■ **WHAT TO WORK ON**
Everything in the listing below should be repeated verbatim, apart from the pictures.

■ **STORED DATA**
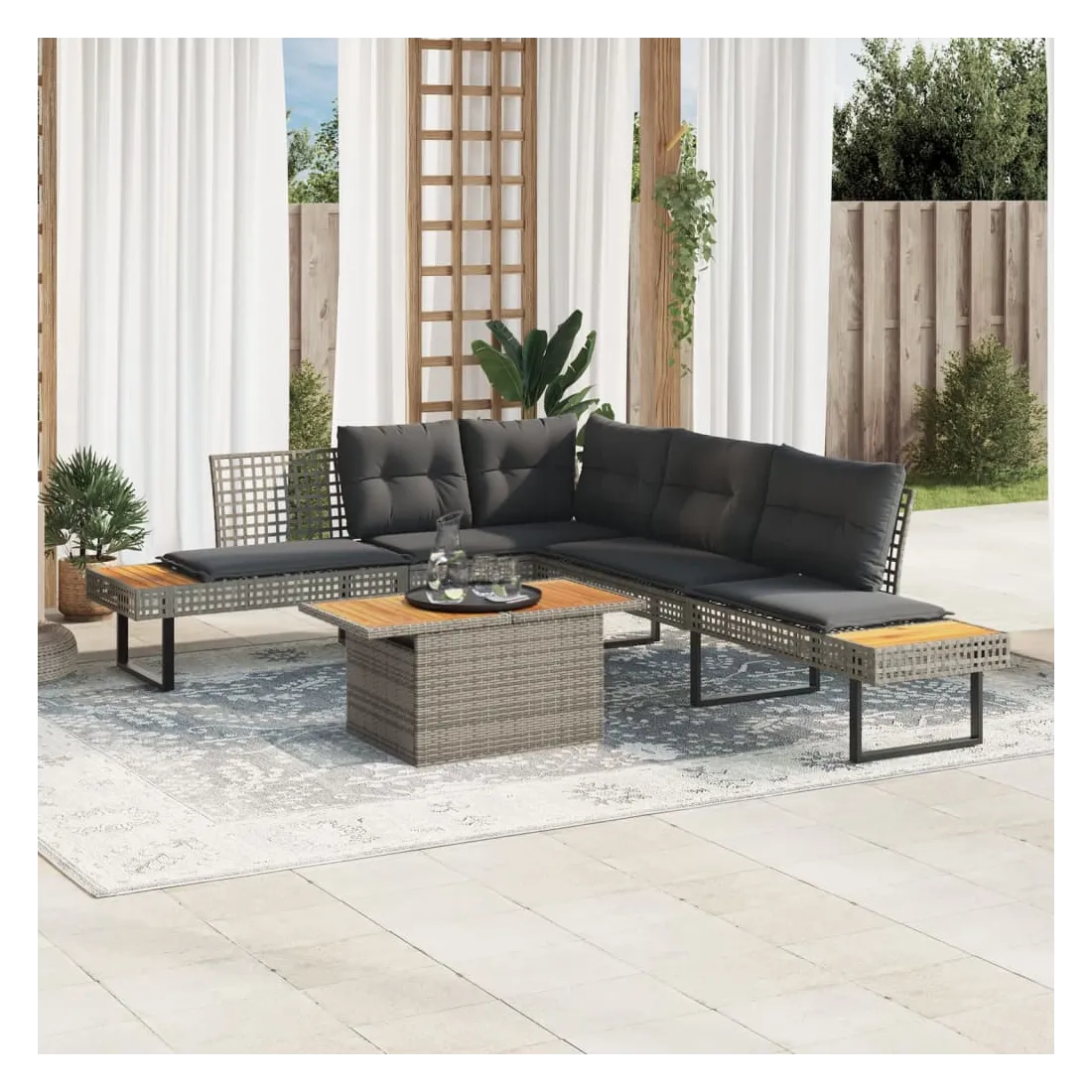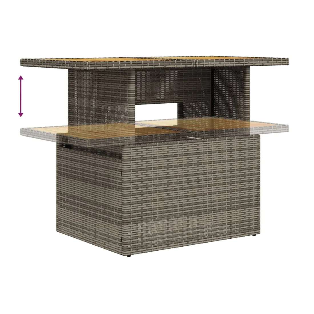 Cet ensemble de canapés de jardin est le complément parfait de votre arrière-cour, terrasse ou patio, offrant un espace confortable et accueillant pour discuter avec la famille et les amis ou simplement se détendre et profiter de l'extérieur. Matériau durable : la résine tressée, également connue sous le nom de poly rotin, est un matériau synthétique solide et nécessitant peu d'entretien qui ressemble au rotin naturel. Elle est légère, facile à nettoyer et couramment utilisée pour les meubles d'extérieur en raison de sa durabilité et de ses propriétés de résistance aux intempéries.Expérience d'assise confortable : l'ensemble de meubles d'extérieur, doté de coussins épais, offre une expérience d'assise confortable.Housse amovible et lavable : ces coussins de siège sont dotés de housses amovibles pour un lavage et un entretien faciles.Dessus de table réglable : le dessus de table peut être soulevé pour rendre la table plus haute, ce qui transforme la table d'extérieur d'une table basse à une table de salle à manger. Elle est parfaite pour recevoir des invités ou prendre des repas à l'extérieur.Dessus stable et facile à nettoyer : cette table de jardin a un dessus en bois d'acacia robuste, durable et facile à nettoyer avec un chiffon humide. Bon à savoir :Pour que vos meubles d'extérieur restent beaux, nous vous recommandons de les protéger avec une housse imperméable.
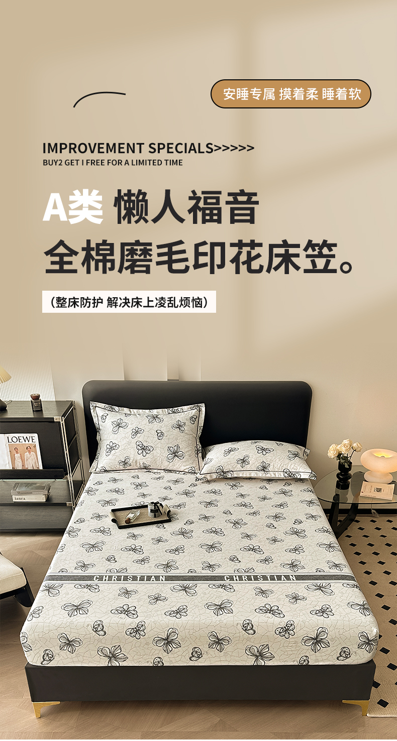 大柏树 2025新款A类全棉磨毛印花单床笠 淡雅年华
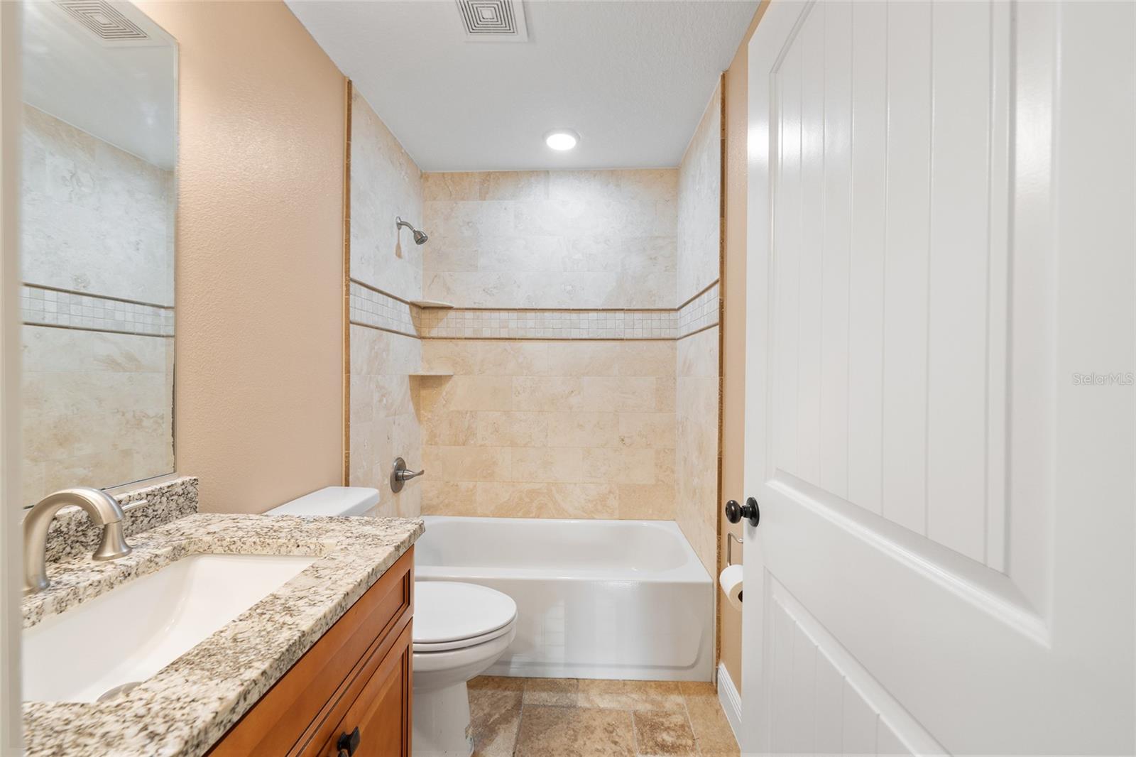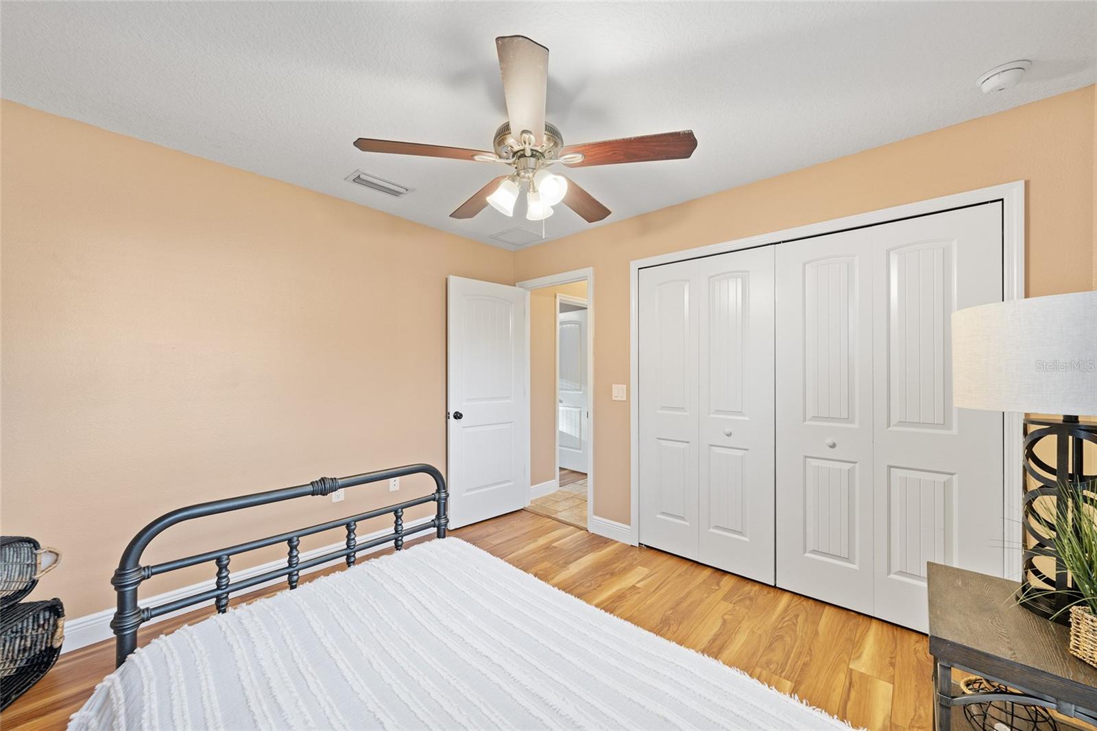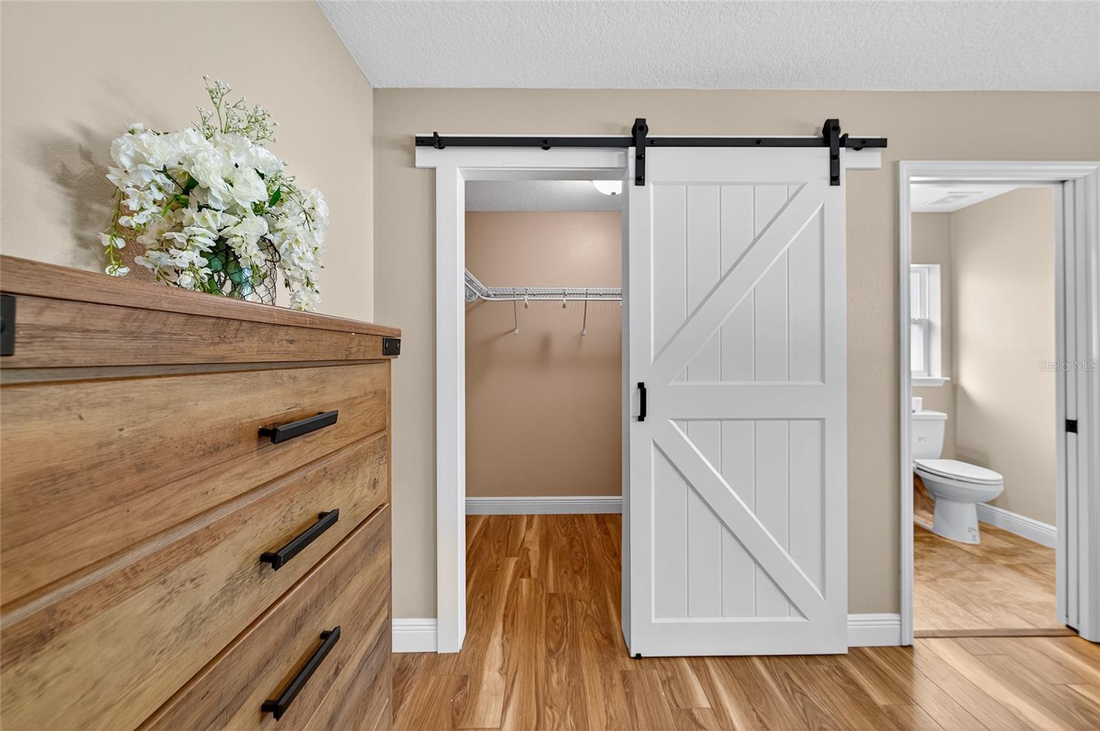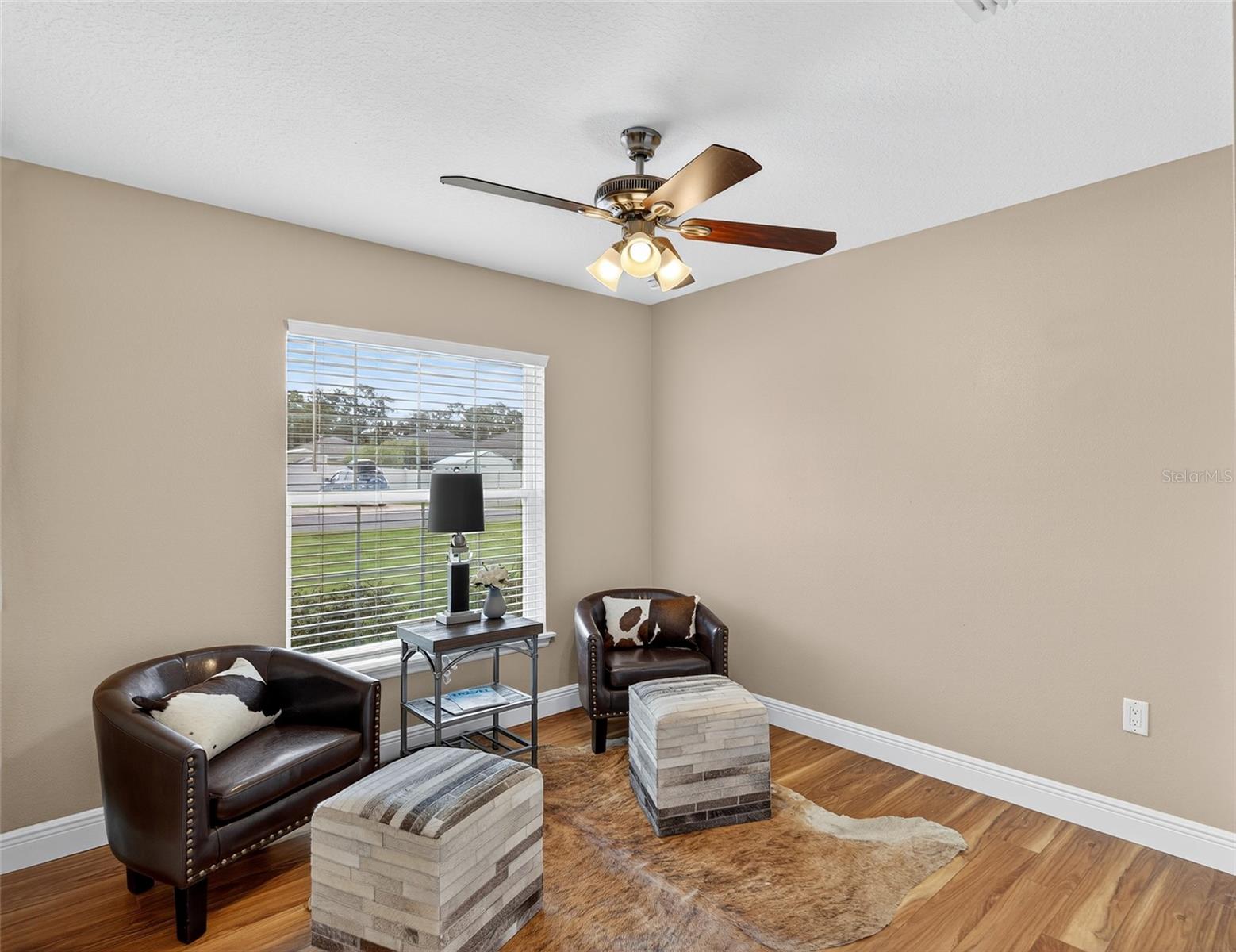 BETTER THAN NEW! This stunning 3-bedroom, 2-bath home built in 2021 offers an OPEN FLOOR PLAN with thoughtful upgrades throughout. Inside, you’ll find DESIGNER CERAMIC TILE in the main living areas and bathrooms paired with WATERPROOF LUXURY VINYL PLANK in the bedrooms—NO CARPET ANYWHERE! The interior has been FRESHLY PAINTED in a neutral palette and features UPDATED DORRS AND LIGHTING that give the home a clean, modern feel. The kitchen is a showpiece with SOFT-CLOSE CABINETRY, UNDER-CABINET LIGHTING, and a spacious bar for casual dining and entertaining. The primary suite includes a WALK-IN CLOSET with modernized sliding barn door, while both guest bedrooms offer large BUILT-IN CLOSETS, giving everyone plenty of storage. Soaring VAULTED CEILINGS enhance the main living area, and a TRAY CEILING in the primary suite adds an elegant touch. Outside, enjoy your covered back porch, NEW VINYL PRIVACY FENCING, and CUSTOM FIREPIT area—perfect for gatherings or quiet evenings. Additional highlights include a 2-car garage, convenient location near The Villages and Lake Weir, and the freedom of no HOA fees.

■ **YOUR SOLUTION**
 Cet ensemble de canapés de jardin est le complément parfait de votre arrière-cour, terrasse ou patio, offrant un espace confortable et accueillant pour discuter avec la famille et les amis ou simplement se détendre et profiter de l'extérieur. Matériau durable : la résine tressée, également connue sous le nom de poly rotin, est un matériau synthétique solide et nécessitant peu d'entretien qui ressemble au rotin naturel. Elle est légère, facile à nettoyer et couramment utilisée pour les meubles d'extérieur en raison de sa durabilité et de ses propriétés de résistance aux intempéries.Expérience d'assise confortable : l'ensemble de meubles d'extérieur, doté de coussins épais, offre une expérience d'assise confortable.Housse amovible et lavable : ces coussins de siège sont dotés de housses amovibles pour un lavage et un entretien faciles.Dessus de table réglable : le dessus de table peut être soulevé pour rendre la table plus haute, ce qui transforme la table d'extérieur d'une table basse à une table de salle à manger. Elle est parfaite pour recevoir des invités ou prendre des repas à l'extérieur.Dessus stable et facile à nettoyer : cette table de jardin a un dessus en bois d'acacia robuste, durable et facile à nettoyer avec un chiffon humide. Bon à savoir :Pour que vos meubles d'extérieur restent beaux, nous vous recommandons de les protéger avec une housse imperméable.
 大柏树 2025新款A类全棉磨毛印花单床笠 淡雅年华
 BETTER THAN NEW! This stunning 3-bedroom, 2-bath home built in 2021 offers an OPEN FLOOR PLAN with thoughtful upgrades throughout. Inside, you’ll find DESIGNER CERAMIC TILE in the main living areas and bathrooms paired with WATERPROOF LUXURY VINYL PLANK in the bedrooms—NO CARPET ANYWHERE! The interior has been FRESHLY PAINTED in a neutral palette and features UPDATED DORRS AND LIGHTING that give the home a clean, modern feel. The kitchen is a showpiece with SOFT-CLOSE CABINETRY, UNDER-CABINET LIGHTING, and a spacious bar for casual dining and entertaining. The primary suite includes a WALK-IN CLOSET with modernized sliding barn door, while both guest bedrooms offer large BUILT-IN CLOSETS, giving everyone plenty of storage. Soaring VAULTED CEILINGS enhance the main living area, and a TRAY CEILING in the primary suite adds an elegant touch. Outside, enjoy your covered back porch, NEW VINYL PRIVACY FENCING, and CUSTOM FIREPIT area—perfect for gatherings or quiet evenings. Additional highlights include a 2-car garage, convenient location near The Villages and Lake Weir, and the freedom of no HOA fees.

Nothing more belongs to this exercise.